*** SOURCE RECORDS Section Begins ***

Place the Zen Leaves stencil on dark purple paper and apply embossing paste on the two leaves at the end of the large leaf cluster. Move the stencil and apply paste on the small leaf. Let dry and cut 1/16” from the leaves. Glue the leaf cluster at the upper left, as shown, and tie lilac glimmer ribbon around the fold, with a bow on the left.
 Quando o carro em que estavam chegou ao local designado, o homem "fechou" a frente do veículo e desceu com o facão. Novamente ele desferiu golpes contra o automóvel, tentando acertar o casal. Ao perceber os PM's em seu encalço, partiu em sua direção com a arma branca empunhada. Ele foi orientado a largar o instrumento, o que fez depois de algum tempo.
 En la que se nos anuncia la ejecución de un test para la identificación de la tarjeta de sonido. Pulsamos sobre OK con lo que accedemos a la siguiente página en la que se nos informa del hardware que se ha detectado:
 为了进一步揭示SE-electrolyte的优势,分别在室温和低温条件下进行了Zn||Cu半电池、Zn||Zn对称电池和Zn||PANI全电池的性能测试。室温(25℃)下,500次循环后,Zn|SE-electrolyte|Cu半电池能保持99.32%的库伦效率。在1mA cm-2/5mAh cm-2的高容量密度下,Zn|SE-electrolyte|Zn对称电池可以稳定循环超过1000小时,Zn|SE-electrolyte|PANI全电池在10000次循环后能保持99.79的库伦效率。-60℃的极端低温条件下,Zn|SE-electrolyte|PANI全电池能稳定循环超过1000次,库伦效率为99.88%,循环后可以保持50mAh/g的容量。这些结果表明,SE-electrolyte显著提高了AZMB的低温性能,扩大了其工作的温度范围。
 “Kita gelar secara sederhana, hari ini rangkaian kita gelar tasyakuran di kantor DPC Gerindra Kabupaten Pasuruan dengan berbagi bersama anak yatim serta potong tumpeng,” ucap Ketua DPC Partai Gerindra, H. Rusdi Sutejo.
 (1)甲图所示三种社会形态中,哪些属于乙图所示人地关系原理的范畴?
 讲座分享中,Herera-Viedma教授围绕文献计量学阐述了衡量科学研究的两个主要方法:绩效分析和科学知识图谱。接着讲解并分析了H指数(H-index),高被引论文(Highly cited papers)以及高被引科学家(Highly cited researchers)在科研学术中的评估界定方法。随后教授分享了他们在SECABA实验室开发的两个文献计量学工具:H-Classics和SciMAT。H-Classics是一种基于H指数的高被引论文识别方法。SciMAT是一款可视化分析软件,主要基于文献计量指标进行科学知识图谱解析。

*** SOURCE RECORDS Section Ends ***
*** SOURCE RECORDS Section Begins ***

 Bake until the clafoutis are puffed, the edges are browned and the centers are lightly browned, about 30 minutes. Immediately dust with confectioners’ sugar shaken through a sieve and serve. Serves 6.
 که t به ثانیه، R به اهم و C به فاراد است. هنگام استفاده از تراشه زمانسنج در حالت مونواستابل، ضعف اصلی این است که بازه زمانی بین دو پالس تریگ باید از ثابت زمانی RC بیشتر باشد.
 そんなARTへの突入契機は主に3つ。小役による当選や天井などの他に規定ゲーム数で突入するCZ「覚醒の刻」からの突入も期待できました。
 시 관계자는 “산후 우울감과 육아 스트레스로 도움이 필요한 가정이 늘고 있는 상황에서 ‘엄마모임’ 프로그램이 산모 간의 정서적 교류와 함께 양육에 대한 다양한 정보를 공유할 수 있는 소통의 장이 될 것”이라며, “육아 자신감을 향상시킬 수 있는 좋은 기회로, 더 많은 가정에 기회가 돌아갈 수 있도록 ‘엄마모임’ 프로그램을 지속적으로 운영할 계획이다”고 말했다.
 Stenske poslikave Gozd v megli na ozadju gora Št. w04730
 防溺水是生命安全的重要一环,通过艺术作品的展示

*** SOURCE RECORDS Section Ends ***
*** SOURCE RECORDS Section Begins ***

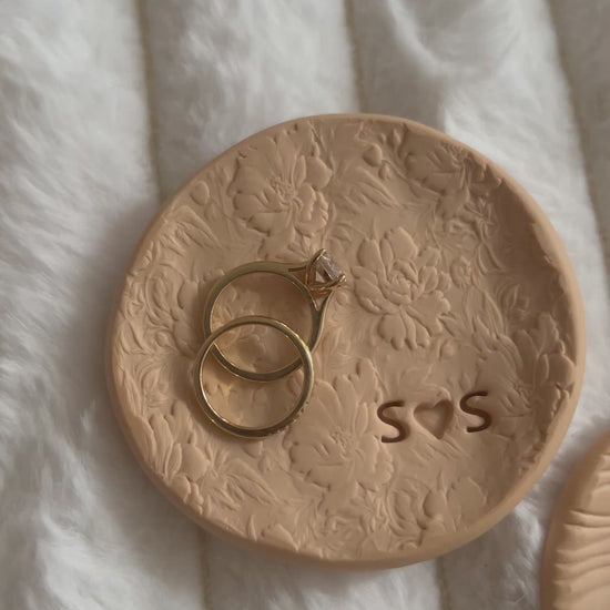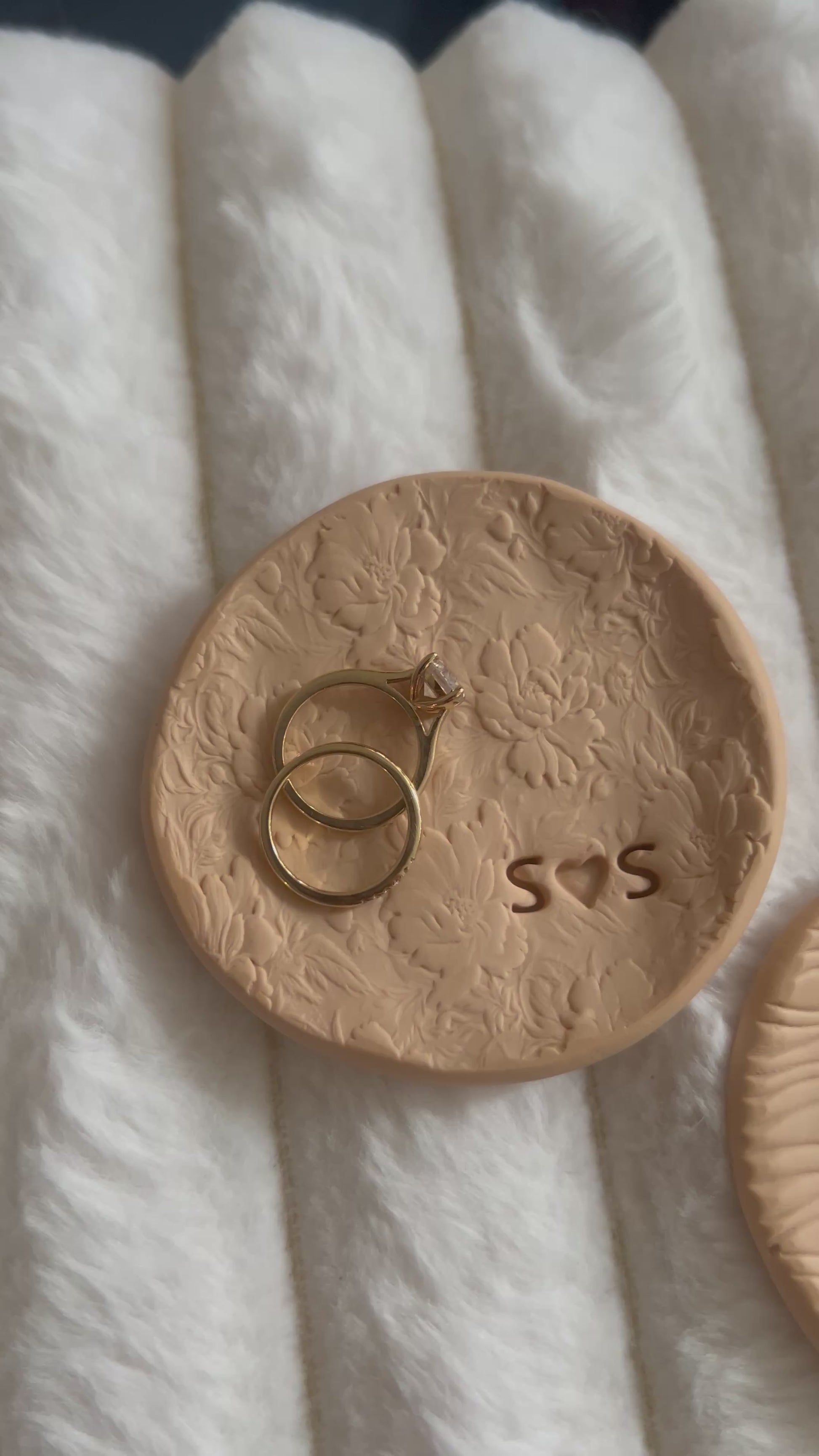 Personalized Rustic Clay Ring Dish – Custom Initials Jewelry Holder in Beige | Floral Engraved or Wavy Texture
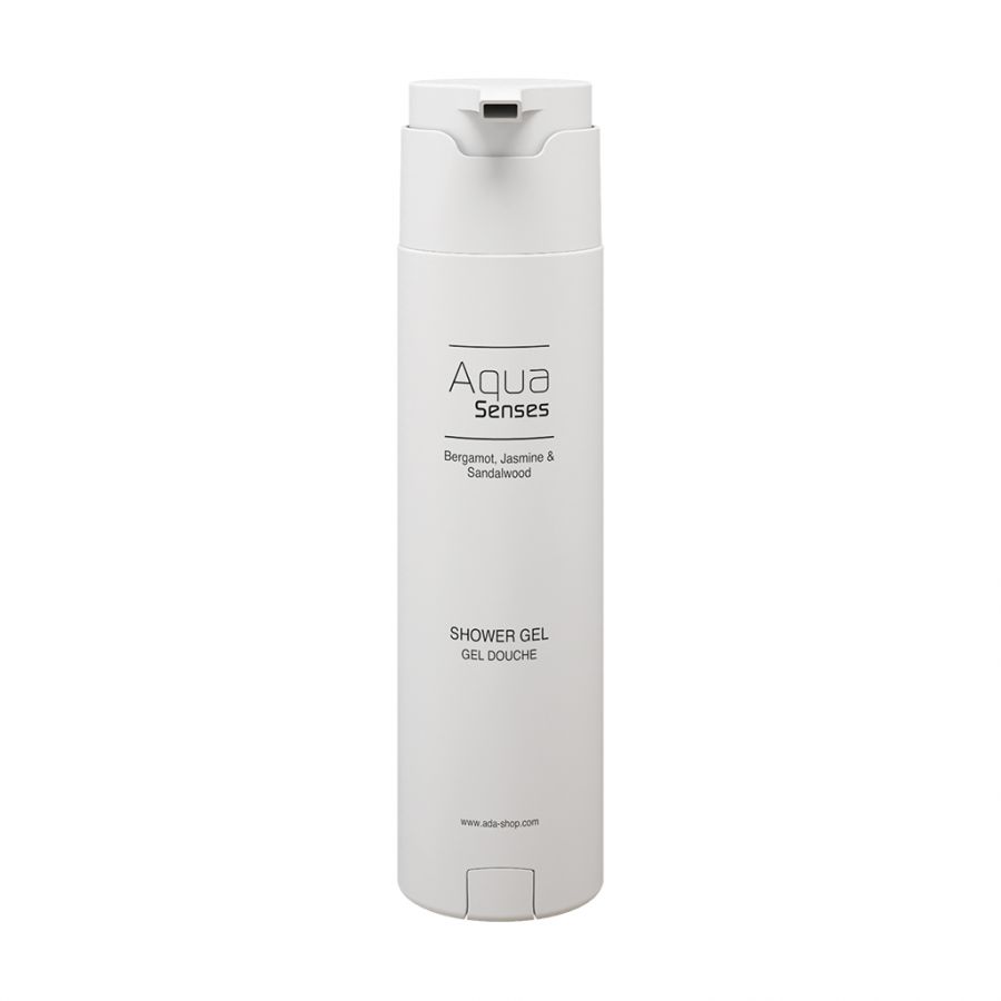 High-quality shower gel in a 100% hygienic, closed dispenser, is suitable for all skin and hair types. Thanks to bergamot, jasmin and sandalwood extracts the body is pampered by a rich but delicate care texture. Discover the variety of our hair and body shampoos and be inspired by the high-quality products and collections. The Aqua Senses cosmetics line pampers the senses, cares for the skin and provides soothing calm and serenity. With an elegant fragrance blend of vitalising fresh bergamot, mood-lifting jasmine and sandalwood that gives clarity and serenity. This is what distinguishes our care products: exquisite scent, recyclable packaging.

*** SOURCE RECORDS Section Ends ***

WHAT TO WORK ON
In the entries above, find the line with "우울감과 육아 스트레스로" and the line with "防溺水是生命安全的重要一环,通过艺术作品的展示", then restate word for word both of them and every line between, with nothing more.

RESULT OF THIS TASK
 시 관계자는 “산후 우울감과 육아 스트레스로 도움이 필요한 가정이 늘고 있는 상황에서 ‘엄마모임’ 프로그램이 산모 간의 정서적 교류와 함께 양육에 대한 다양한 정보를 공유할 수 있는 소통의 장이 될 것”이라며, “육아 자신감을 향상시킬 수 있는 좋은 기회로, 더 많은 가정에 기회가 돌아갈 수 있도록 ‘엄마모임’ 프로그램을 지속적으로 운영할 계획이다”고 말했다.
 Stenske poslikave Gozd v megli na ozadju gora Št. w04730
 防溺水是生命安全的重要一环,通过艺术作品的展示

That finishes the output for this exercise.